The Issue — Up to $155M in Arkansas Pension Funds Authorized Without Independent Analysis
Up to $155 million in Arkansas pension funds authorized for Israel Bonds despite credit downgrades, internal advice against new purchases, and no independent analysis.
The instrument
What are Israel Bonds?
Israel Bonds are direct loans to the Israeli government, sold through the Development Corporation for Israel. Unlike U.S. Treasury bonds and most other fixed-income securities, they have two critical features that matter for pension fund managers:
- No secondary market.
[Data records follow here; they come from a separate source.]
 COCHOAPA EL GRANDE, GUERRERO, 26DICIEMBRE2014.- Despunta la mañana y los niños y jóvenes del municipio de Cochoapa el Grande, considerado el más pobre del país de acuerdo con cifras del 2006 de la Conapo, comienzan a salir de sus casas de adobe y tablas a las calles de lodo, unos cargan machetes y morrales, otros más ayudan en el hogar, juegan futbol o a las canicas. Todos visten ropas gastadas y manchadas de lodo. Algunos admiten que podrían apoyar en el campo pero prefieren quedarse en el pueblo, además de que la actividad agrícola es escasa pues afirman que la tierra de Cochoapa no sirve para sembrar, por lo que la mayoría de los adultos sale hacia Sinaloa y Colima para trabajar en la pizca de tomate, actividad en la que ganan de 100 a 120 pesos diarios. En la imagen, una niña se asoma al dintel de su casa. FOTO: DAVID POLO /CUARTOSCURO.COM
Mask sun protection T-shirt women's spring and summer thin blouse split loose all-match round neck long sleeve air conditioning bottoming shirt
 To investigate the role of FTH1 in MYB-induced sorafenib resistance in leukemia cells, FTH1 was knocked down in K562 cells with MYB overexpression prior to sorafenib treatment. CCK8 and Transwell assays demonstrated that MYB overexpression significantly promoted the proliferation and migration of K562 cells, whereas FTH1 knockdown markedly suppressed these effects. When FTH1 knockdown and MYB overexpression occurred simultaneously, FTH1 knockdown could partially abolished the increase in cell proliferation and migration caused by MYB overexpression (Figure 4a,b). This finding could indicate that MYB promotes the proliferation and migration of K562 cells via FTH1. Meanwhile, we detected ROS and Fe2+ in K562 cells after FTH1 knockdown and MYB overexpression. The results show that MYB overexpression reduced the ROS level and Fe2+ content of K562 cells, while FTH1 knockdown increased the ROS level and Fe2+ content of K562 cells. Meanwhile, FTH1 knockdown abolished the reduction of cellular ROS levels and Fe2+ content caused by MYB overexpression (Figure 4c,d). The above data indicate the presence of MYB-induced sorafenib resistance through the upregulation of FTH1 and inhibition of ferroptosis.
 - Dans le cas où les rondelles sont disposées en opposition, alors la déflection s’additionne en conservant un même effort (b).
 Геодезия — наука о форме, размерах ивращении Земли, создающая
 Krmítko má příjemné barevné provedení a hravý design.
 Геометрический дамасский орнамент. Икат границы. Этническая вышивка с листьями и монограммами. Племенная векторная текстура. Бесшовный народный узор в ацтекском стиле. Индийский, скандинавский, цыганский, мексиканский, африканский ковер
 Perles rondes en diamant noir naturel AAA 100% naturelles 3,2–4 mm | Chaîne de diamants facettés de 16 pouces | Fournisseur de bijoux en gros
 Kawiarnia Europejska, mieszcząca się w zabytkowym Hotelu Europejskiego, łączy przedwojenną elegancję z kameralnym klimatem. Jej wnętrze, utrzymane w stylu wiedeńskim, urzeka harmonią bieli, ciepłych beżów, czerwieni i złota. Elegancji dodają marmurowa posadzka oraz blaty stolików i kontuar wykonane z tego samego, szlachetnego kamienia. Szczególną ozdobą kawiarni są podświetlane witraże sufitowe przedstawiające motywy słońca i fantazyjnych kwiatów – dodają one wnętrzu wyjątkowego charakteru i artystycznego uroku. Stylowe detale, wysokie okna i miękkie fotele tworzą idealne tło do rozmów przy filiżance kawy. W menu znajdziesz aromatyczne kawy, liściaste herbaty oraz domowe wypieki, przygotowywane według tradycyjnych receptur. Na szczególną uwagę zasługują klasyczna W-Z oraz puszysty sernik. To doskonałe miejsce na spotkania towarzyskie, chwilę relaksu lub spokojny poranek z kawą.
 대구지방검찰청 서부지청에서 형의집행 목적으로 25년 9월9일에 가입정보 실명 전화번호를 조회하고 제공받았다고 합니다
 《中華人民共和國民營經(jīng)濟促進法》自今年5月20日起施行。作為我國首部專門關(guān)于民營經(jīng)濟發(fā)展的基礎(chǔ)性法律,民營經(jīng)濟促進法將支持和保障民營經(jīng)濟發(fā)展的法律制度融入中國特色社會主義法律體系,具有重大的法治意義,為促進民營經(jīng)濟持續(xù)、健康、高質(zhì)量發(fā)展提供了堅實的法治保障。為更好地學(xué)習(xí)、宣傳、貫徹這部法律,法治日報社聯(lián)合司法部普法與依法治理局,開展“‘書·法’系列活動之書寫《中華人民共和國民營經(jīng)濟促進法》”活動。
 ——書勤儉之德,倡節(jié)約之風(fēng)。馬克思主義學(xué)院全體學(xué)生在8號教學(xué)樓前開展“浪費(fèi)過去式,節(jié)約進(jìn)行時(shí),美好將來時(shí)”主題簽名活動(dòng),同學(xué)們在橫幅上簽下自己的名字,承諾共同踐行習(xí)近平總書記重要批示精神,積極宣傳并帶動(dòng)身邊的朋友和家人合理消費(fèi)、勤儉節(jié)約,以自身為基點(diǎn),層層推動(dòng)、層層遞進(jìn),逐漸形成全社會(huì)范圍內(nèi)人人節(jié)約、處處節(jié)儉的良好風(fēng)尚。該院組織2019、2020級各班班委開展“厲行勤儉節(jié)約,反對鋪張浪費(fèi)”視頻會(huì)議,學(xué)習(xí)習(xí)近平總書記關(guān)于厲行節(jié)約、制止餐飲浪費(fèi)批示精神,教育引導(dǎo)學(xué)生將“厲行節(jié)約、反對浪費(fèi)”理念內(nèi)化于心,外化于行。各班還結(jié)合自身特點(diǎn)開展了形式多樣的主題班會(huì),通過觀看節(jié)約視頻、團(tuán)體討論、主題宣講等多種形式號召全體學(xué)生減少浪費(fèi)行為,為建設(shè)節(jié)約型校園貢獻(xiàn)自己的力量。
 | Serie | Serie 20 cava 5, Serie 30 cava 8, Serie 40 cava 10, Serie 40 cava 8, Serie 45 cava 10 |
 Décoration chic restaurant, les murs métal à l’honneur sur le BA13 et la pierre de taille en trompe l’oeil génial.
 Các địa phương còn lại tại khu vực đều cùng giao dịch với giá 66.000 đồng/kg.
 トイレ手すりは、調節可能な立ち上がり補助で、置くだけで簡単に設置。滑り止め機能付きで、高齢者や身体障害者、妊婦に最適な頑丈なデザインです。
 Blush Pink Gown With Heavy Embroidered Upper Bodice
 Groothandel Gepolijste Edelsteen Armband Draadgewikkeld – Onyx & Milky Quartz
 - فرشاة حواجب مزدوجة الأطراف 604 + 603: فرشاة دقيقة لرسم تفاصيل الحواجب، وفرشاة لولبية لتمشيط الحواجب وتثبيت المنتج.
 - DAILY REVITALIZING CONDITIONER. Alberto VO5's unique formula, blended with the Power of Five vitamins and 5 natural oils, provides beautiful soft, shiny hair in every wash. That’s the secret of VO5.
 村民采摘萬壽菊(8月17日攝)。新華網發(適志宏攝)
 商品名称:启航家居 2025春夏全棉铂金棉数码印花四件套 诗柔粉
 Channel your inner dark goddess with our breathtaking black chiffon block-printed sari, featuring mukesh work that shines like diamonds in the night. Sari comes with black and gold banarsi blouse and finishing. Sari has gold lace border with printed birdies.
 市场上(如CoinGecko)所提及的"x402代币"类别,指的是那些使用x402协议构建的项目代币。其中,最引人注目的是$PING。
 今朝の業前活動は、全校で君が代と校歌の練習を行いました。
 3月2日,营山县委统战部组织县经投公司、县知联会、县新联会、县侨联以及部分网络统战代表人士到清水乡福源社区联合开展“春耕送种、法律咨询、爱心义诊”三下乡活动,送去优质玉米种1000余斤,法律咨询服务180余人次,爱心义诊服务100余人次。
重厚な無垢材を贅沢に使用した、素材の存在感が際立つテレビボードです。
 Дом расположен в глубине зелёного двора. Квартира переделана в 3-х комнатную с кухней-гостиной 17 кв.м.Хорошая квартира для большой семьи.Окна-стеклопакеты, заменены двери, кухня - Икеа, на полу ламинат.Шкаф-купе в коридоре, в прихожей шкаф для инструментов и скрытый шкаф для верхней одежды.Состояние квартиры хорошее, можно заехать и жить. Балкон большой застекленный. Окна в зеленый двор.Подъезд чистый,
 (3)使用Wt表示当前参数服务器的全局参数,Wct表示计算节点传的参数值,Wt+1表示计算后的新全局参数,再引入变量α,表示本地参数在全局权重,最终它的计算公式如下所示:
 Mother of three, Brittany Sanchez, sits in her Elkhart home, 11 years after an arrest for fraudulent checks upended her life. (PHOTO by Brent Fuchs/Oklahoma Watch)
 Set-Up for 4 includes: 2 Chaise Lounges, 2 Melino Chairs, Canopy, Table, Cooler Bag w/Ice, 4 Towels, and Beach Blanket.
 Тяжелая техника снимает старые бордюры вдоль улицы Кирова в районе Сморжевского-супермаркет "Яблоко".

Israel Bonds cannot be sold or traded before maturity (per the bond prospectus — a characteristic of the instrument, not a FOIA finding). A pension fund that purchases them is locked in — unable to exit the position if conditions change, if better opportunities arise, or if the fund needs liquidity.
- Lower credit ratings. All three major rating agencies — Moody’s, S&P, and Fitch — have downgraded Israel’s credit rating since 2024, specifically citing economic instability and heightened security risks. This means Israel Bonds carry more risk than many comparable alternatives with similar interest rates.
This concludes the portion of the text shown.